Item 8.01. Other Events.

As previously disclosed, on October 5, 2021 (the "Agreement Date"), Ouster, Inc., a Delaware corporation (the "Company"), Sparrow Acquisition Sub., Inc., a Delaware corporation and wholly owned subsidiary of the Company ("Merger Sub"), Sense Photonics, Inc., a Delaware corporation ("Sense"), and Fortis Advisors LLC, solely in its capacity as the representative of securityholders of Sense ("Holders' Agent"), entered into an Agreement and Plan of Merger and Plan of Reorganization (the "Merger Agreement"), pursuant to which, and subject to the terms and conditions set forth in the Merger Agreement, Merger Sub agreed to merge with and into Sense (the "Merger"), with Sense surviving the Merger as a wholly owned subsidiary of the Company. A copy of the Merger Agreement was attached as Exhibit 2.1 to the Form 8-K filed by the Company with the Securities and Exchange Commission on October 5, 2021.

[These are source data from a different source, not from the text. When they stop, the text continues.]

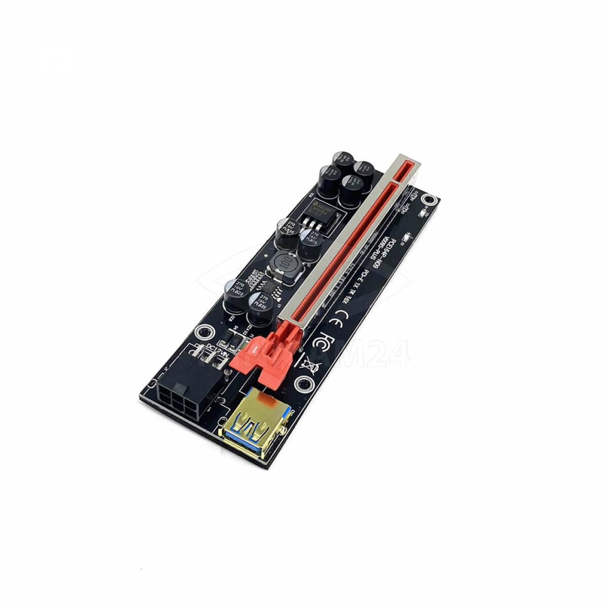 Переходник райзер для видеокарт PCI Riser 009S plus для майнинга используется для подсоединения плат PCI-Express x16 к слоту PCI-Express x1. На адаптере имеется разъем 6-pin, через который можно подключить дополнительное питание. На плате размещены светодиоды +12В и +3,3В. Предусмотрена фиксированная пряжка, позволяющая легко вставить и извлечь видеокарту. В комплекте есть USB кабель и кабель питания.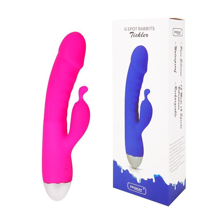 Розовый вибромассажер с отростком для стимуляции клитора - 22 см.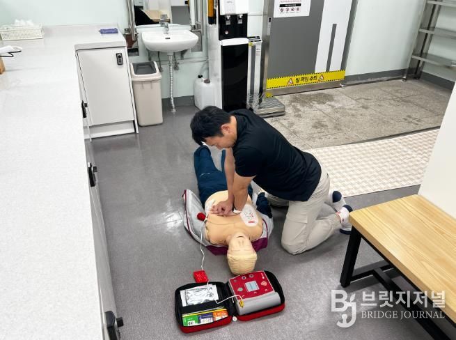 이번 훈련은 이용자가 남자 탈의실 내에서 심정지로 쓰러진 상황을 가정하여 진행됐으며, 실제상황 못지 않은 긴장감 속에서 신속한 초기 대응과 협력 체계를 점검하는 계기가 됐다.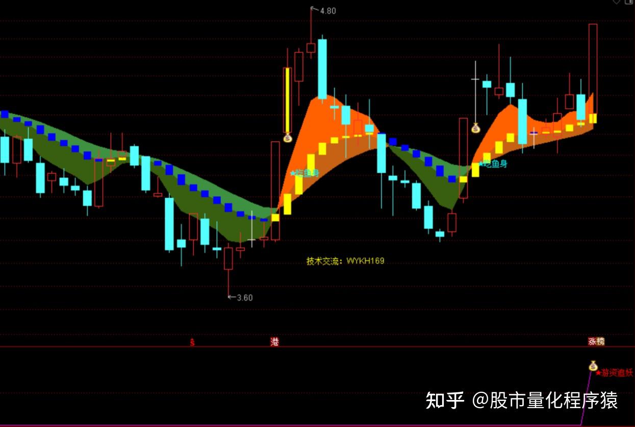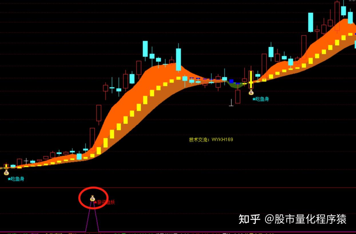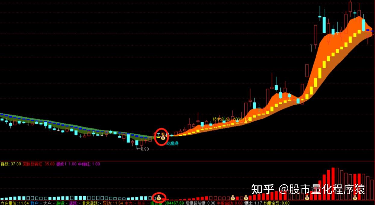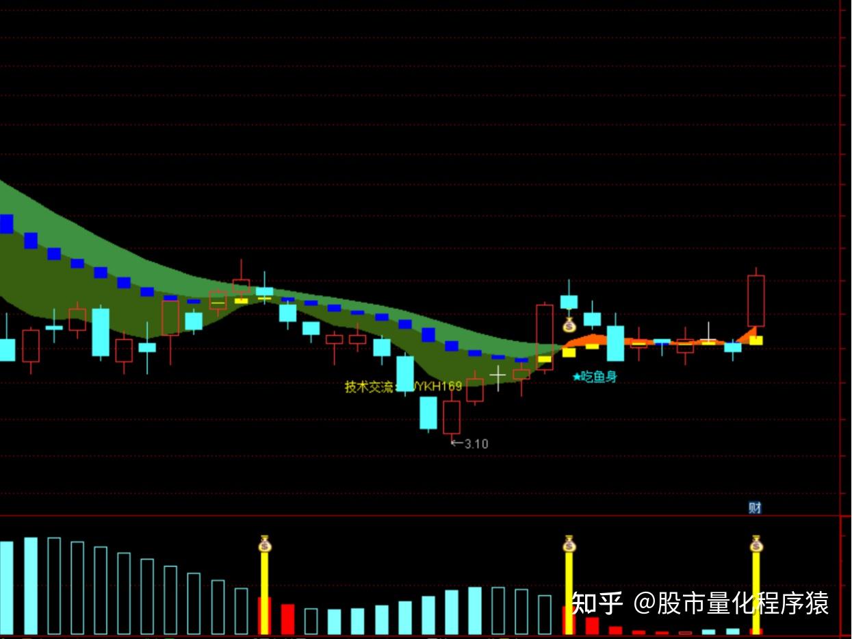 鱼头鱼尾行情都不参与是本指标的宗旨。所以买点逻辑是主图出现吃鱼身信号和副图出现钱袋子图标。
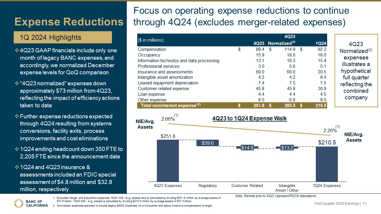 Noninterest expenses declined by over $41 million to $210.5 million (excluding merger costs).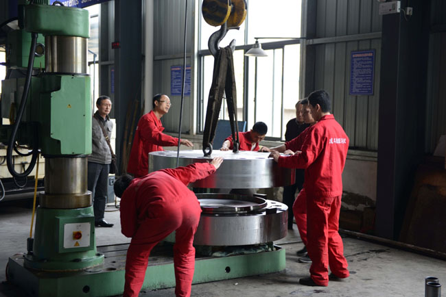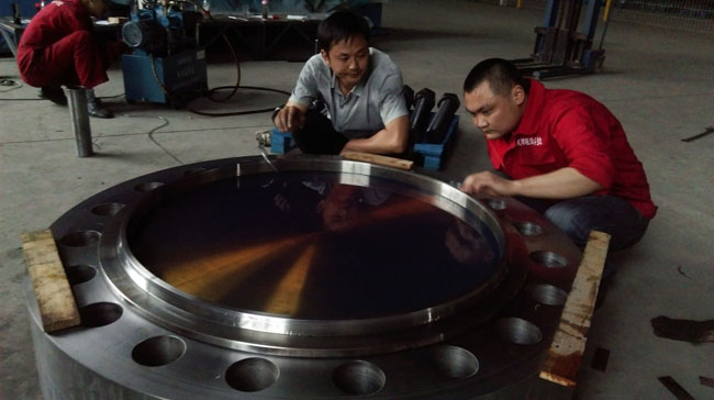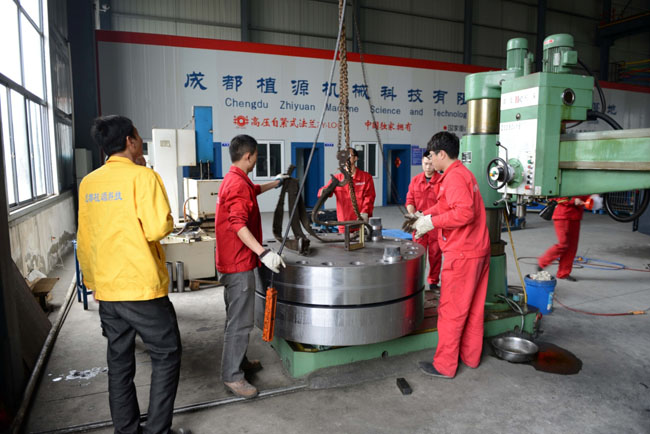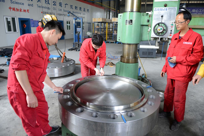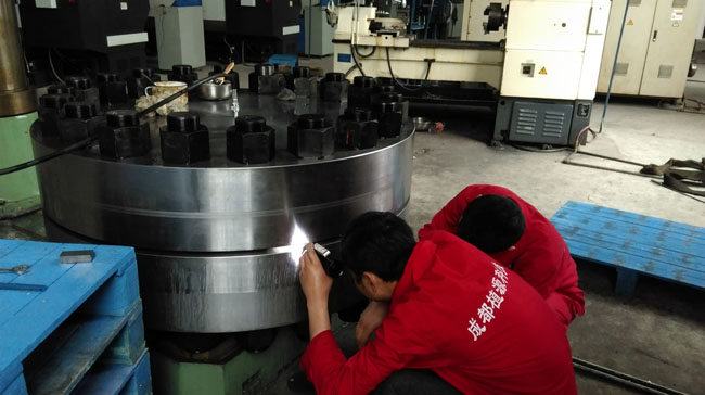 在神華多部門專家組離開后,“成都植源”便成立了專門的大口徑法蘭技術(shù)攻關(guān)團(tuán)隊(duì),由公司總工程師侯亮平負(fù)責(zé),對(duì)課題問題展開了系統(tǒng)工作:針對(duì)煤制油項(xiàng)目加氫反應(yīng)器的DN900自緊式法蘭,提出研究方案,進(jìn)行技術(shù)論證,從人員組織、主攻方向明確、設(shè)計(jì)校審明確,到責(zé)任落實(shí)、材料落實(shí)、機(jī)具落實(shí)、工裝落實(shí),確保理論和模擬實(shí)驗(yàn)實(shí)施的切實(shí)可行;又投入近百萬的科研經(jīng)費(fèi),對(duì)上述工作加以保障。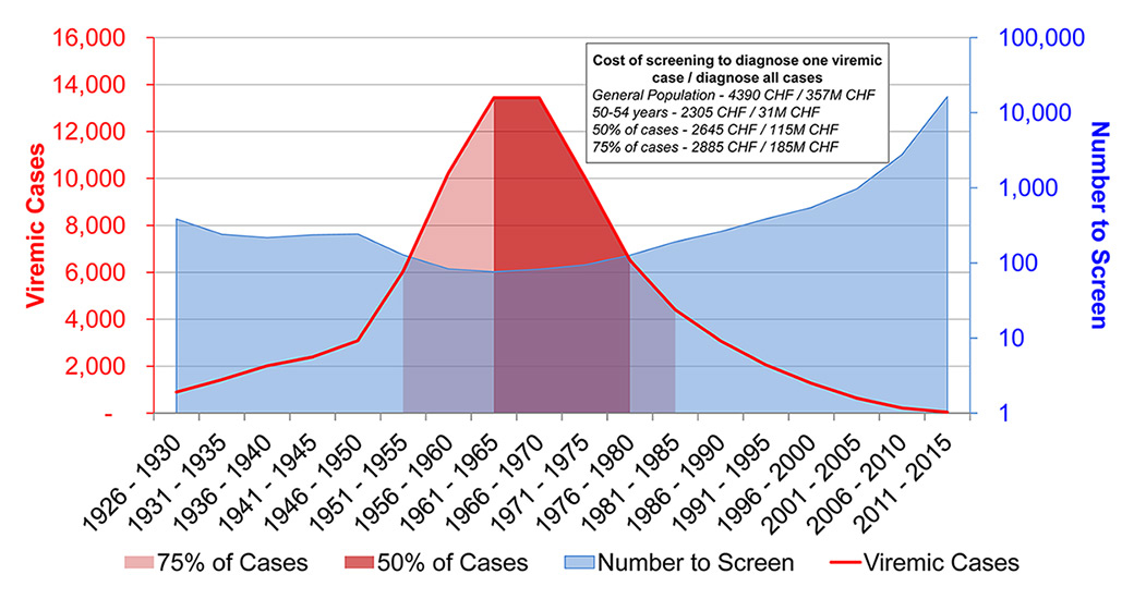 Globally, there is a growing need for effective diagnosis and screening strategies targeting patients with hepatitis C virus (HCV) infection. Despite frequent use, the success of risk based screening falls short of its potential [1]. This may be due in part to a patient’s hesitation to disclose their current or prior risk status, or to a lack of knowledge of risk status [2]. In 2013 the US Preventive Services Task Force recommended birth cohort screening to compliment current screening efforts among high risk populations [3]. A recent study conducted by the Swiss Federal Office of Public Health analysed the birth year distribution of all reported HCV cases and concluded that 60% were born between 1955 and 1974 [4]. The present analysis sought to identify which birth cohort would require the least screening in order to diagnose one new viraemic HCV infection. In addition, it compared the direct cost of screening several different birth cohorts.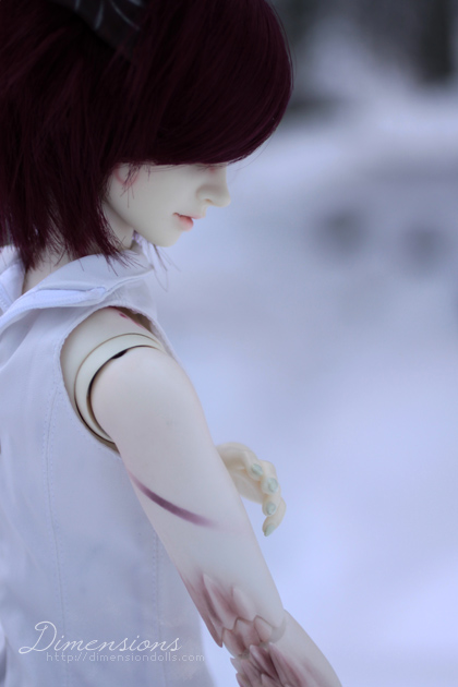 brought the damaged arm forward and turned his head to look behind his
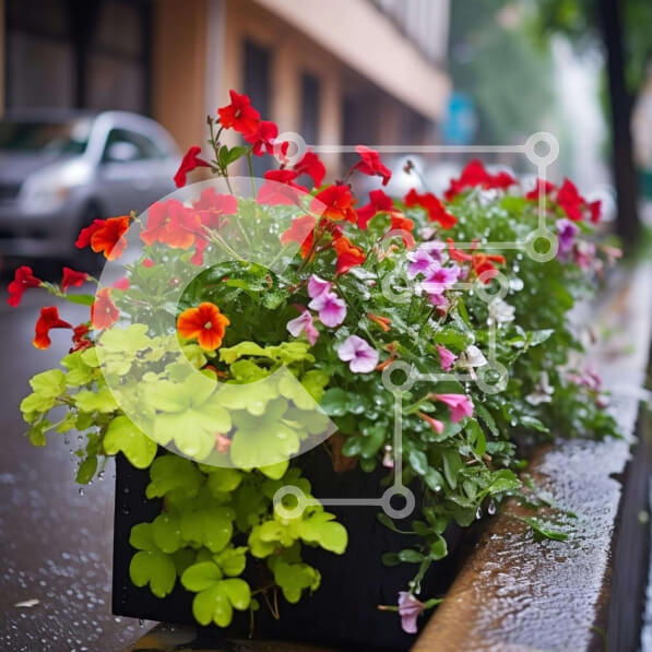 Intra Συλλεκτικό Ξύλινο Παζλ Plywood 4mm – Σειρά από γλάστρες με πολύχρωμα λουλούδια στο πεζοδρόμιο Σε Ξύλινο Κουτί – Διαστάσεις: 10×10 cm – 25 κομμάτια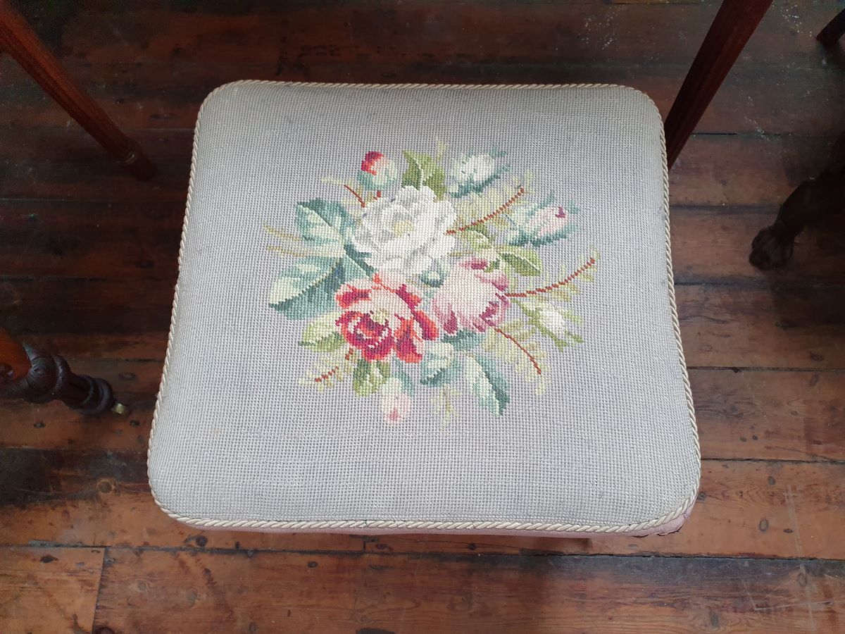 Standing on cabriole legs, upholstered with tapestry cover. Height 18'', Seat measures 18'' x 16½''.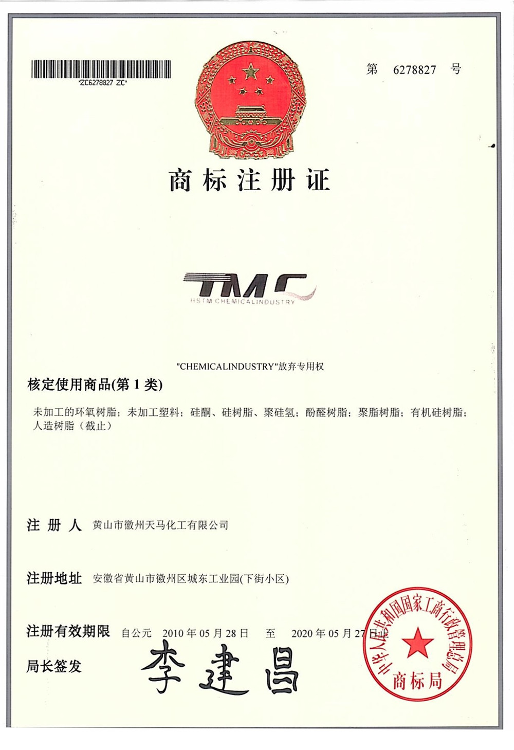 2010年注冊(cè)天馬TMC商標(biāo)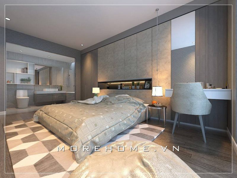 Thiết kế giường ngủ chung cư hiện đại, đơn giản, tập trung vào công năng sử dụng tạo sự tiện nghi và thoải mái nhất cho gia chủ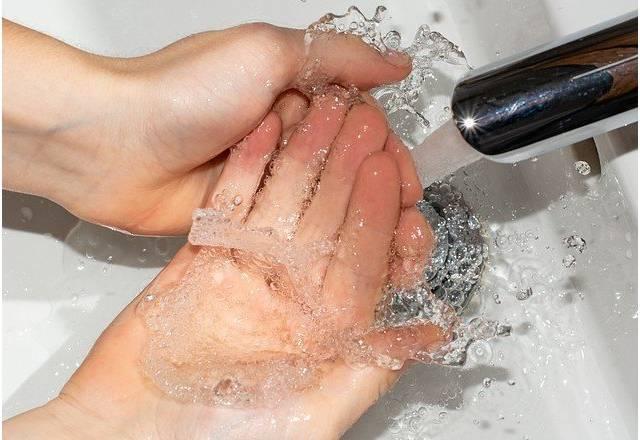 A lavagem das mãos impede o vírus de penetrar no corpo através da pele e ainda o "dissolve". A água, leva embora os fragmentos.
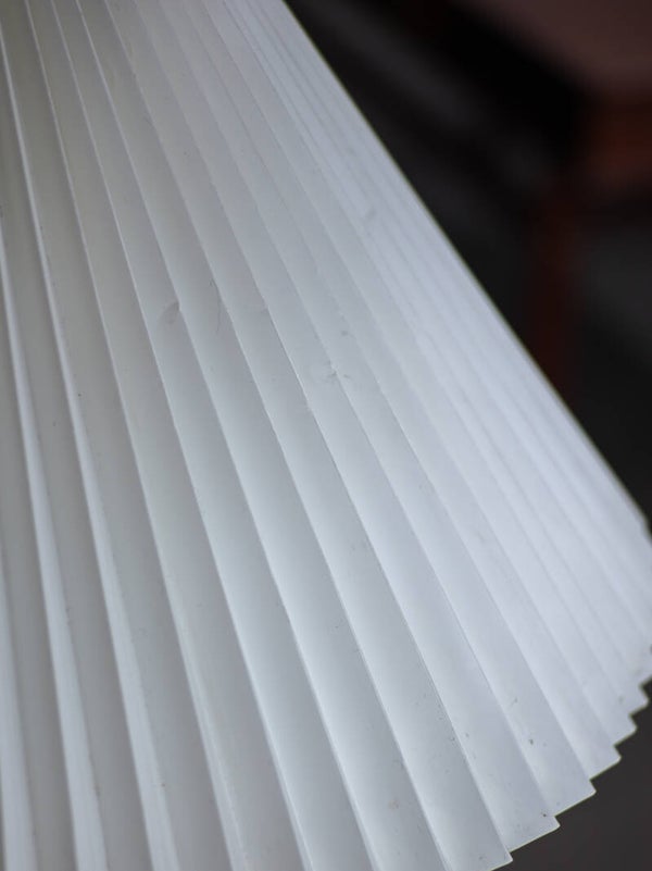 Vintage vloerlamp met witte plissé kap en messing voet, geproduceerd in Denemarken door Le Klint. Een prachtig stukje vakmanschap, want de Le Klint lampenkappen worden, tot op de dag van vandaag nog, met de hand gevouwen in Denemarken. Deze kap betreft het allereerste model van Le Klint, model 1, dat is 1901 is ontworpen. De plissé kap heeft een papieren uitstraling, maar door de speciale folie is het brand, UV en vloeistof bestendig en kan het dus schoon worden gemaakt met water.

On October 22, 2021, the transactions contemplated by the Merger Agreement were consummated and the Company issued approximately 10 million shares of common stock as consideration for the Merger, inclusive of approximately 0.8 million shares underlying assumed options and approximately 1.6 million shares which have been initially held back by the Company for purposes of satisfying any post-closing purchase price adjustments and indemnification claims under the Merger Agreement. In addition, approximately 4.5 million restricted stock units issued to employees of Sense immediately prior to the Merger as retention incentives were assumed by the Company pursuant Merger Agreement.